→ Activity
Images in the records should be skipped while the rest is transcribed verbatim.

→ Material provided
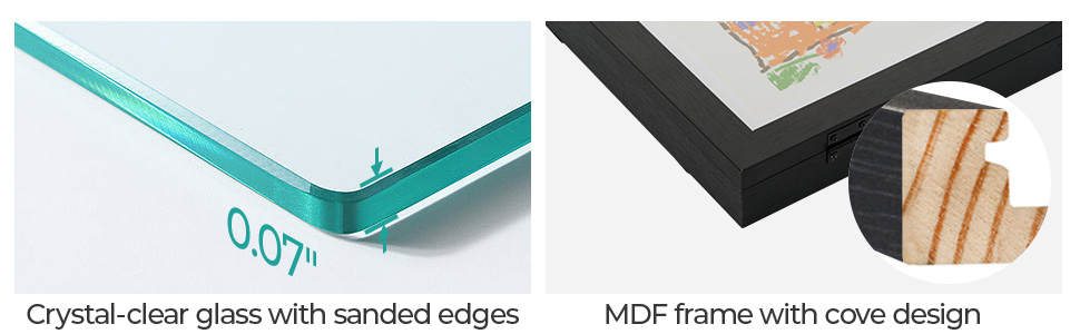 [جودة متينة] مصنوعة من خشب إم دي إف عالي الجودة، وتتميز بملمس ناعم ورقيق مع ملمس شفاف. لا يوفر الزجاج المقسى عالي الجودة المقاوم للكسر رؤية واضحة لأعمالك الفنية فحسب، بل يحمي أيضًا عملك الفني أو ملصقك من الغبار والرطوبة والخدوش.
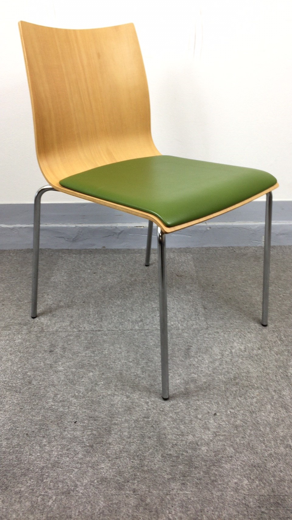 【KS】[雰囲気GOOD]木製ミーティングチェア 座面ビニールレザー製のクッション付きでお尻が痛くなりにくいです- 茨城南店
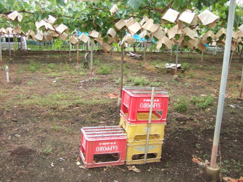 青袋が破られ落ちていて、ぶどう数粒が食われていた。
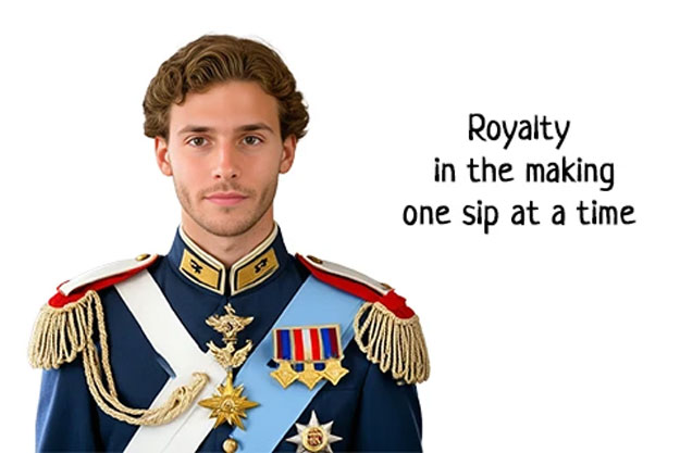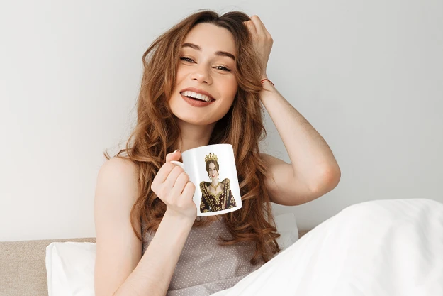 The finished royal portrait is printed on a ceramic mug designed for regular use. The print layout emphasizes the portrait while maintaining a clean, balanced appearance. This creates a custom photo mug that works both as a decorative item and as an everyday object.
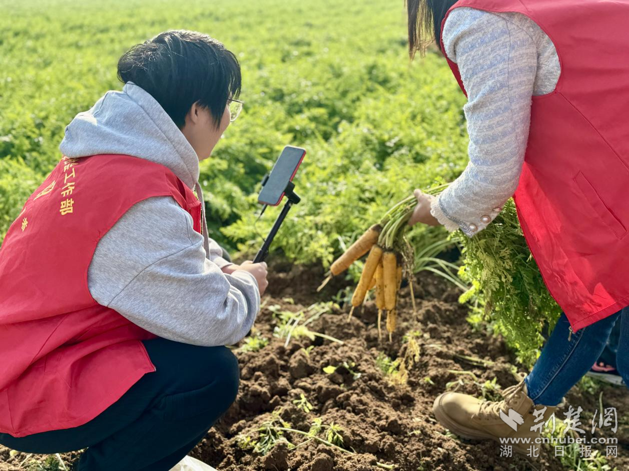 “我們現(xiàn)在所處的位置是應(yīng)城市城中街道周陳村,這是剛剛從田里挖出來的胡蘿卜,天然無污染!”直播鏡頭前,一壟壟“黃玉”胡蘿卜長勢(shì)喜人,主播們現(xiàn)場采摘、試吃,向直播間的網(wǎng)友們介紹胡蘿卜的品質(zhì)和口感。

→ Your response
 [جودة متينة] مصنوعة من خشب إم دي إف عالي الجودة، وتتميز بملمس ناعم ورقيق مع ملمس شفاف. لا يوفر الزجاج المقسى عالي الجودة المقاوم للكسر رؤية واضحة لأعمالك الفنية فحسب، بل يحمي أيضًا عملك الفني أو ملصقك من الغبار والرطوبة والخدوش.
 【KS】[雰囲気GOOD]木製ミーティングチェア 座面ビニールレザー製のクッション付きでお尻が痛くなりにくいです- 茨城南店
 青袋が破られ落ちていて、ぶどう数粒が食われていた。
 The finished royal portrait is printed on a ceramic mug designed for regular use. The print layout emphasizes the portrait while maintaining a clean, balanced appearance. This creates a custom photo mug that works both as a decorative item and as an everyday object.
 “我們現(xiàn)在所處的位置是應(yīng)城市城中街道周陳村,這是剛剛從田里挖出來的胡蘿卜,天然無污染!”直播鏡頭前,一壟壟“黃玉”胡蘿卜長勢(shì)喜人,主播們現(xiàn)場采摘、試吃,向直播間的網(wǎng)友們介紹胡蘿卜的品質(zhì)和口感。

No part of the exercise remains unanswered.